(Task material begins)

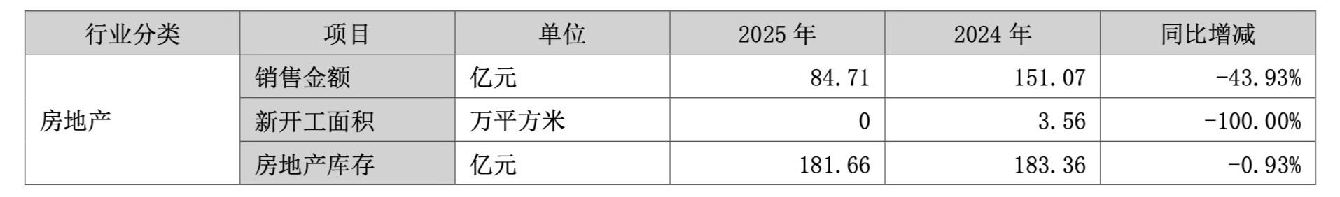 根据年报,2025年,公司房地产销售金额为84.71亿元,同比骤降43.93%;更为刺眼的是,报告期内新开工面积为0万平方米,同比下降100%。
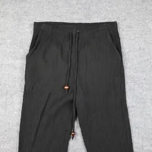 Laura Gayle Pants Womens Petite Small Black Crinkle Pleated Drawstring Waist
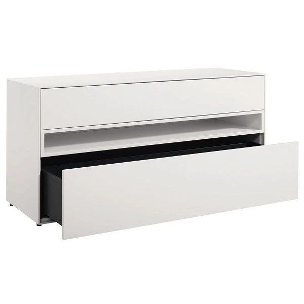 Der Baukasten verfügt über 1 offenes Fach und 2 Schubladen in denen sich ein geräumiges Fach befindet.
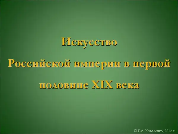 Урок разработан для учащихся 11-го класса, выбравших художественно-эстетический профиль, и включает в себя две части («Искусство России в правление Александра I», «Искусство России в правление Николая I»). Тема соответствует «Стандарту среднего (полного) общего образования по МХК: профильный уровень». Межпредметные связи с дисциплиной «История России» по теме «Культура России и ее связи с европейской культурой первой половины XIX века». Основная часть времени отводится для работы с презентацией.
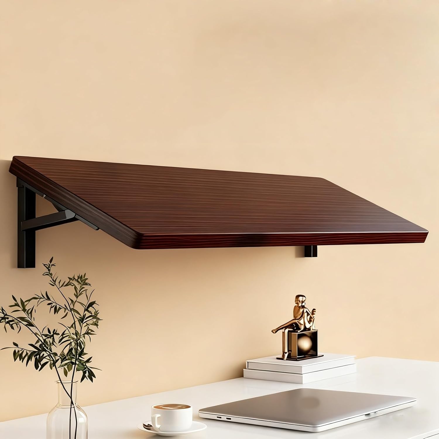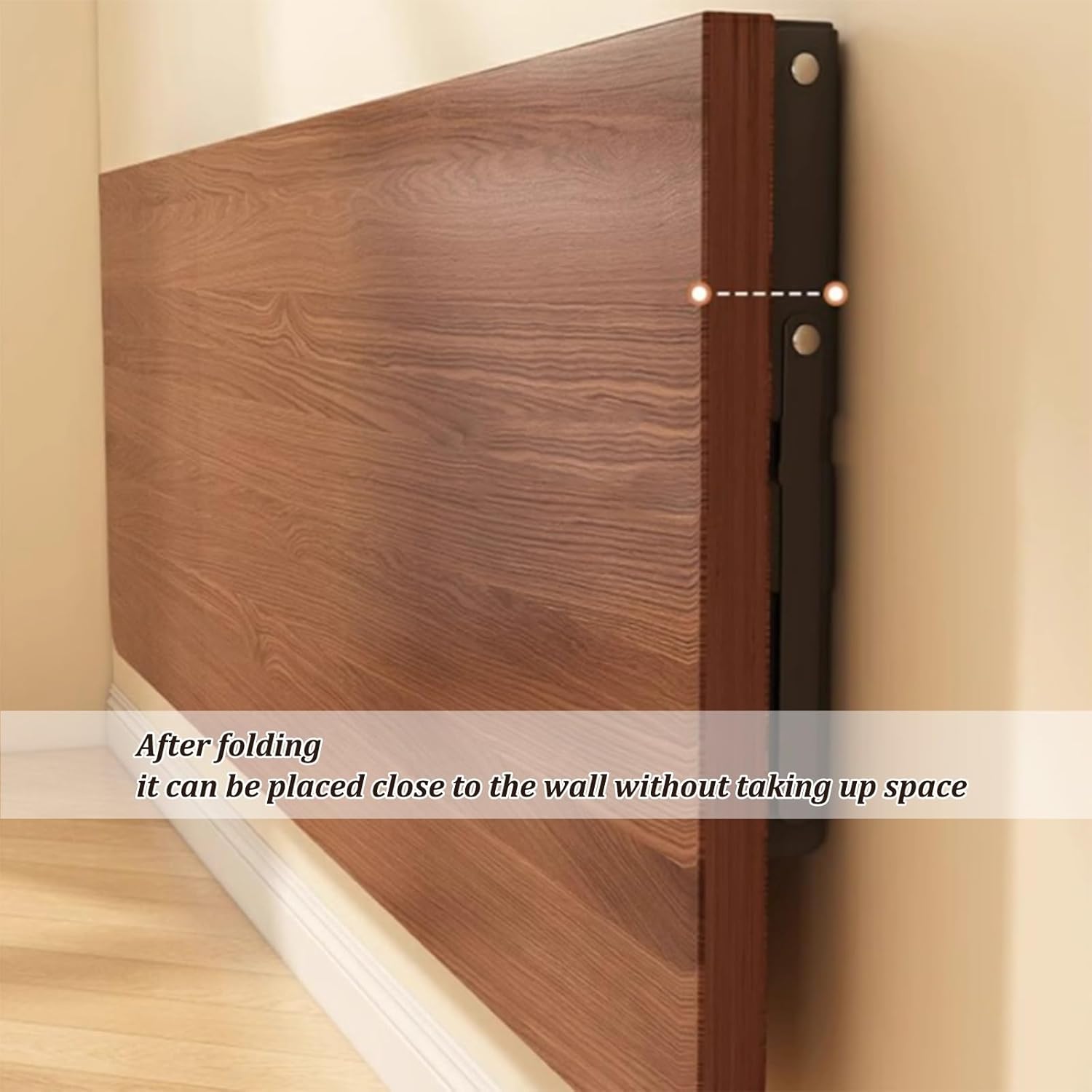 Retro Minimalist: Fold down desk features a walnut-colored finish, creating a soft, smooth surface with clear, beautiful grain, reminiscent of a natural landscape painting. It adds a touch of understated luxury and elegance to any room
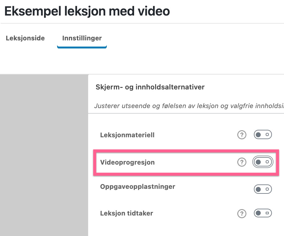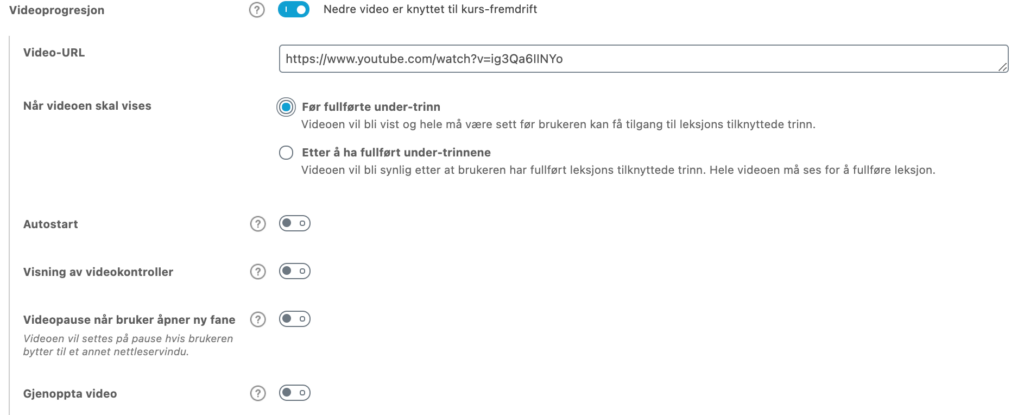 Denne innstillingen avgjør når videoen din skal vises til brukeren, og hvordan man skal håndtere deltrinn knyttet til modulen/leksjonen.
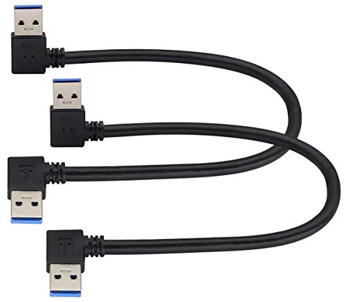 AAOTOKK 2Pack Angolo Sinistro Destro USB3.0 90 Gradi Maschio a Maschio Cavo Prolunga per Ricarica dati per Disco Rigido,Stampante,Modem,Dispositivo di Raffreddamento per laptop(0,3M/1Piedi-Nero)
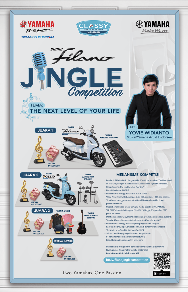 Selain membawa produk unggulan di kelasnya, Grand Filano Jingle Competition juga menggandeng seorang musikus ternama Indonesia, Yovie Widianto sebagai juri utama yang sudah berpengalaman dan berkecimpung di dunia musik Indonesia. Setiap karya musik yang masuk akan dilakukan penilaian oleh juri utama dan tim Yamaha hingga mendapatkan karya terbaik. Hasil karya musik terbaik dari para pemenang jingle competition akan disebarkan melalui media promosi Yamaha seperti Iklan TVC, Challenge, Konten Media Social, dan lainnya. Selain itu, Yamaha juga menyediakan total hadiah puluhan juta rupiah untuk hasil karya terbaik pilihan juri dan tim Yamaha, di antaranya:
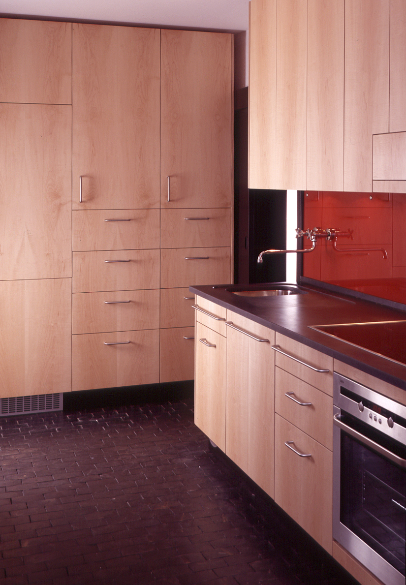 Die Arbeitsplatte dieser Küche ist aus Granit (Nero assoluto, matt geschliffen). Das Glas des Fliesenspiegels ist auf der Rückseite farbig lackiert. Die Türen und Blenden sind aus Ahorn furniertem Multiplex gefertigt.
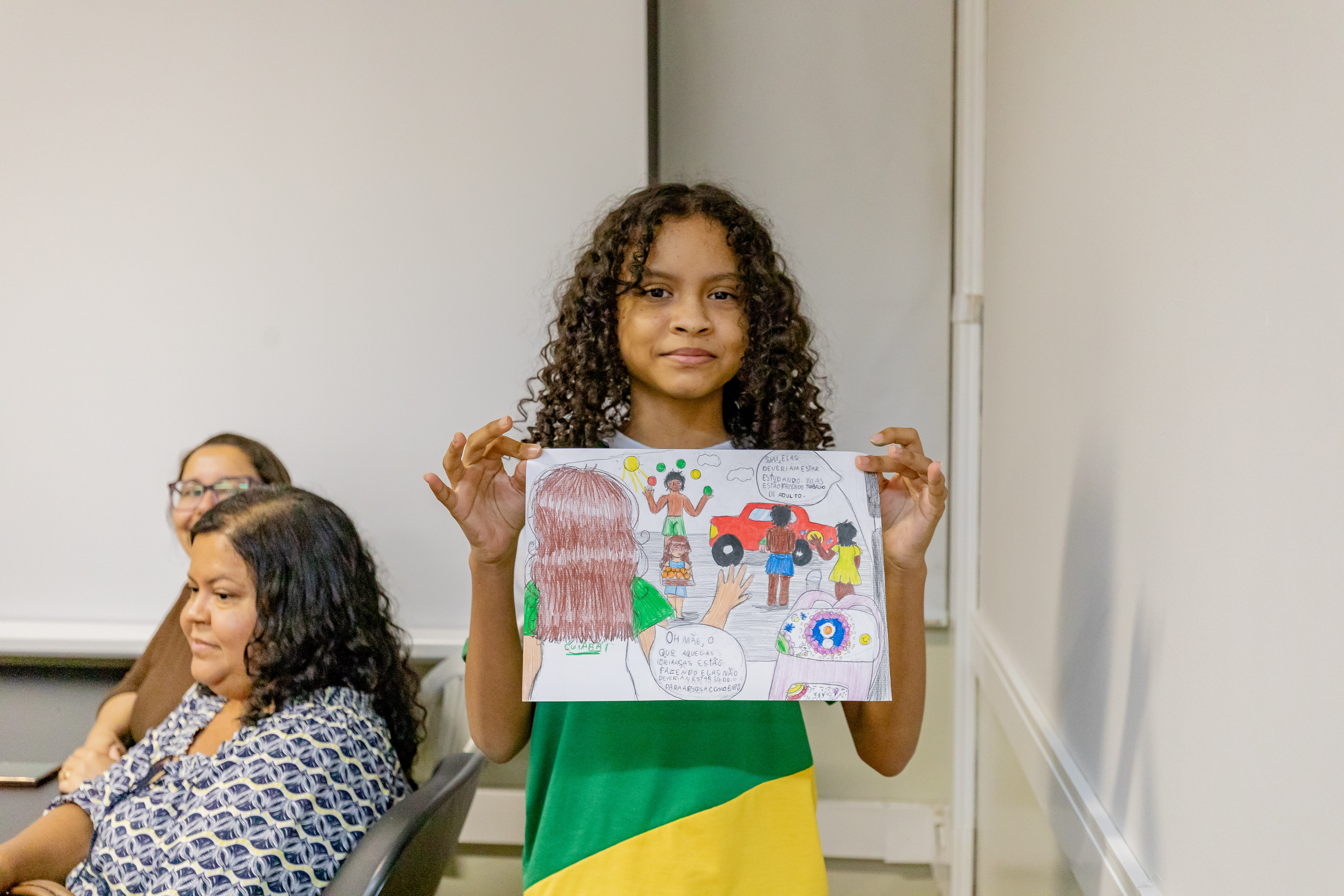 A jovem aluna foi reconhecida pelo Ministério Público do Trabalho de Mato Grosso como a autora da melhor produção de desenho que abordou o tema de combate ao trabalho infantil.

(Task material ends)

> [Task statement]
In the records above, find the line with "Laura Gayle Pants". Print exactly from there through the line with "AAOTOKK 2Pack Angolo", minus the pictures.

> [Response]
 Laura Gayle Pants Womens Petite Small Black Crinkle Pleated Drawstring Waist
 Der Baukasten verfügt über 1 offenes Fach und 2 Schubladen in denen sich ein geräumiges Fach befindet.
 Урок разработан для учащихся 11-го класса, выбравших художественно-эстетический профиль, и включает в себя две части («Искусство России в правление Александра I», «Искусство России в правление Николая I»). Тема соответствует «Стандарту среднего (полного) общего образования по МХК: профильный уровень». Межпредметные связи с дисциплиной «История России» по теме «Культура России и ее связи с европейской культурой первой половины XIX века». Основная часть времени отводится для работы с презентацией.
 Retro Minimalist: Fold down desk features a walnut-colored finish, creating a soft, smooth surface with clear, beautiful grain, reminiscent of a natural landscape painting. It adds a touch of understated luxury and elegance to any room
 Denne innstillingen avgjør når videoen din skal vises til brukeren, og hvordan man skal håndtere deltrinn knyttet til modulen/leksjonen.
 AAOTOKK 2Pack Angolo Sinistro Destro USB3.0 90 Gradi Maschio a Maschio Cavo Prolunga per Ricarica dati per Disco Rigido,Stampante,Modem,Dispositivo di Raffreddamento per laptop(0,3M/1Piedi-Nero)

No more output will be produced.